• _DATA BELOW_:

———

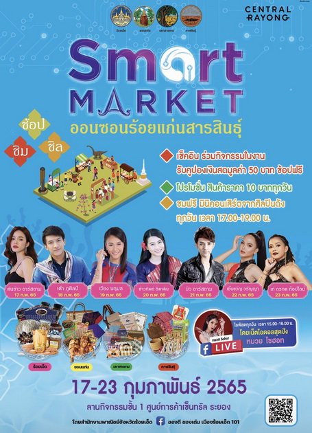 เชิญเที่ยวงาน สมาร์ท มาร์เก็ต ออนซอนร้อยแก่นสารสินธุ์ ที่ศูนย์การค้าเซ็นทรัล ระยอง มีสินค้ามากกว่า 60 คูหามาจำหน่ายในราคาถูก
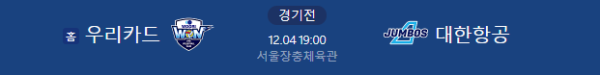 상대 전적 (H2H) 대한항공이 전력상 우위를 점하고 있으나, 우리카드가 홈에서 이변을 만드는 경기가 종종 있었습니다. 이 경기는 수도권 라이벌 매치로 치열한 접전이 예상됩니다.
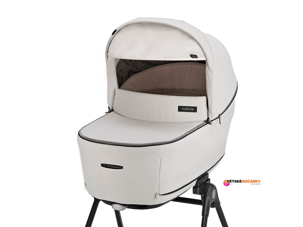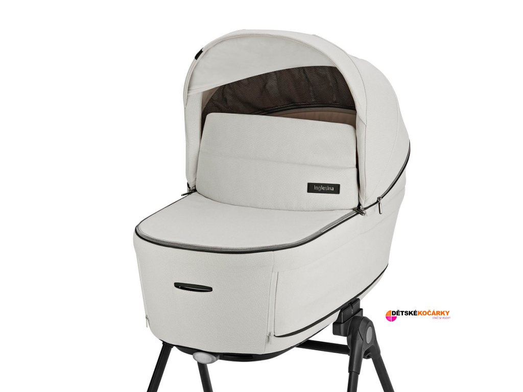 Set obsahuje: podvozek INGLESINA Aptica + hlubokou korbičku + sportovní sedačku + stojan Stand UpTM + matraci Welcome PadTM + madlo + nánožník + košík pod kočárek + držák nápojů

———

• _WHAT YOU HAVE TO DO_: Transcribe the whole of the data exactly, minus any pictures.

• _PROBLEM SOLUTION_:
 เชิญเที่ยวงาน สมาร์ท มาร์เก็ต ออนซอนร้อยแก่นสารสินธุ์ ที่ศูนย์การค้าเซ็นทรัล ระยอง มีสินค้ามากกว่า 60 คูหามาจำหน่ายในราคาถูก
 상대 전적 (H2H) 대한항공이 전력상 우위를 점하고 있으나, 우리카드가 홈에서 이변을 만드는 경기가 종종 있었습니다. 이 경기는 수도권 라이벌 매치로 치열한 접전이 예상됩니다.
 Set obsahuje: podvozek INGLESINA Aptica + hlubokou korbičku + sportovní sedačku + stojan Stand UpTM + matraci Welcome PadTM + madlo + nánožník + košík pod kočárek + držák nápojů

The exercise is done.